A piece of drug test equipment

A piece of drug testing analysis equipment
Technology has improved over the past 15 years, with the initial test waiting time reduced from eight minutes to two minutes.

RDTs are conducted using the Securetec Drug Wipe II Twin, which can detect the presence of one or more of the three relevant drugs with a simple tongue swab.

If the reading is positive, the driver is taken for further testing at the roadside or at a police station using the Draeger Drug Test 5000.

This part of the process takes longer as more saliva is required, and the presence of drugs – either illegal or prescription – may affect a person’s ability to produce saliva.

Once collected, the saliva sample is split in two, with police analysing one portion onsite using the Draeger Drug Test 5000, and the second portion sent to Queensland Health Forensic and Scientific Services (QHFSS) for analysis.

If the result from the Draeger test is positive, the driver will have their licence suspended for 24 hours. Prosecution against the driver is commenced either at the roadside or upon receipt of a certificate of analysis from QHFSS.

The inside of a van showing drug analysis equipment

A police utility with canopy containing drug test equipment
Specialised vehicles are used to conduct the two parts of the drug testing process on the roadside.

To be qualified to conduct RDTs, police undergo a three-day face-to-face training program.

The course covers the use, care and maintenance of the Securetec Drug Wipe II Twin and the Draeger Drug Test 5000, as well as legislation.

The final day includes working alongside an experienced operator conducting real tests on the road.

A police officer for 31 years, 12 as a Highway Patrol officer, and 10 with the Roadside Drug Testing Unit, Acting Sergeant Ricato said testing drivers for drugs was substantially different from testing for alcohol.

“With the Roadside Breath Test (RBT), you are measuring the concentration of alcohol, and drivers are charged if they are over the legal limit.

“With RDTs, you are testing for the presence of drugs. These are illegal substances, and they shouldn’t be present in a person’s saliva in any concentration.”

Acting Sergeant Ricato said while the test did not measure a level or concentration, it did differentiate between the different drugs.

“Most commonly, we will find methylamphetamine or THC, which is the psychoactive component of cannabis, however sometimes we find both or even all three drugs present.

“In some instances, returning a positive RDT sample can be a critical turning point, and police regularly provide referrals to support services for people who wish to make positive changes in their lives.”

a drug testing van parked at Longreach

A drug testing van and several cars on the road at night/

a drug testing van and utility on an outback highway

A water police catamaran vessel on the water
Roadside Drug Testing operations are conducted across the state, from cities to country towns, and from the highways to the waterways.

Acting Sergeant Ricato said that just as the equipment had changed over the past 15 years, so too had the strategies police use to detect drug drivers.

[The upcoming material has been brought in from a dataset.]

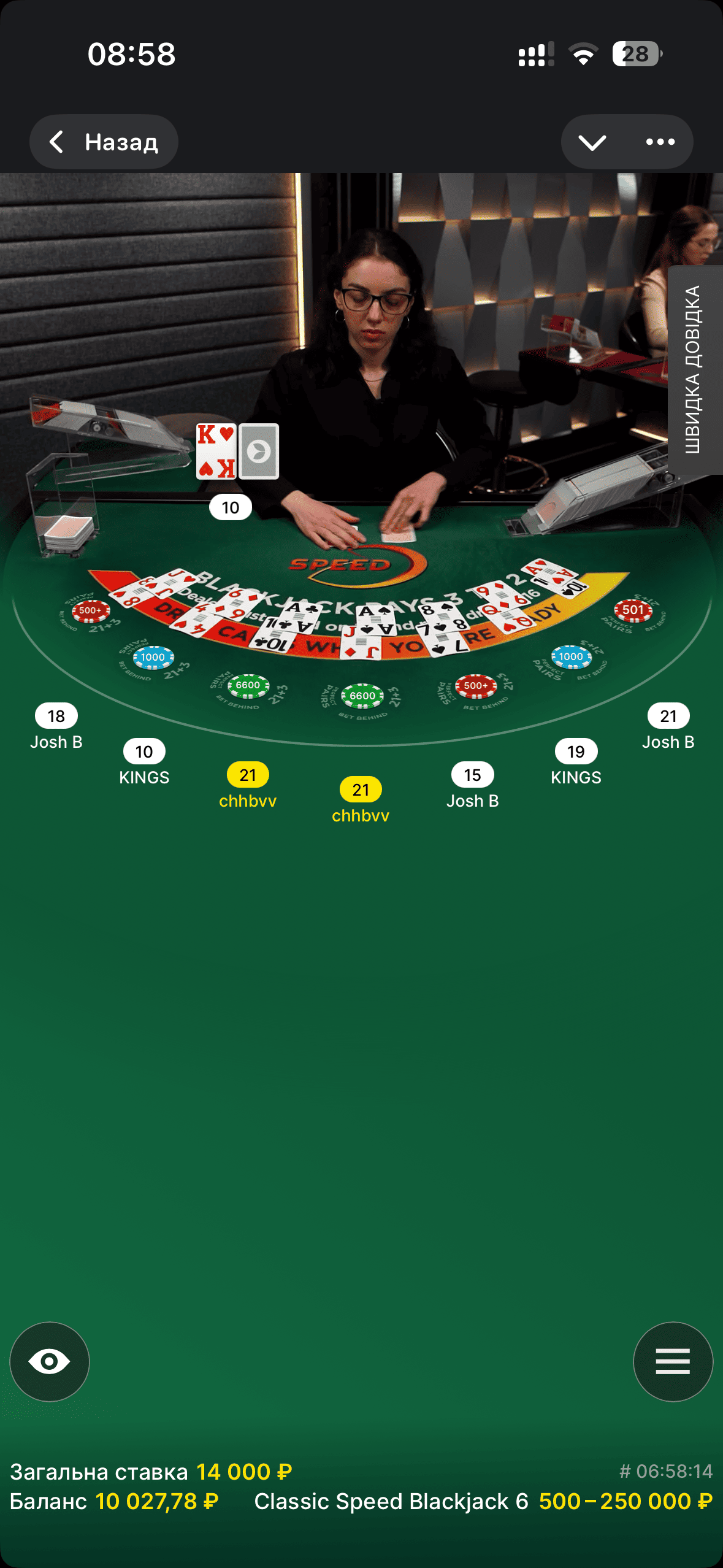 идеальный добор с 16 до 21 в блекджеке от evolution на jetton

“The message is that nobody should believe that simply looking and acting ‘normal’ is enough to prevent you from getting tested.

“Most of the people who test negative to an RDT say it’s a good thing that police are drug testing drivers to make the roads safer for all road users.

“Road safety is such an important part of policing. In Queensland we have vast road networks, and every police officer should spend as much time as they can focussing on reducing road trauma.

“This can include everything from talking to kids at school about wearing seatbelts to intercepting drivers for RDTs.”

a police officer handing a mouth swab to a driver
Roadside Drug Testing was first introduced in Queensland on December 1, 2007.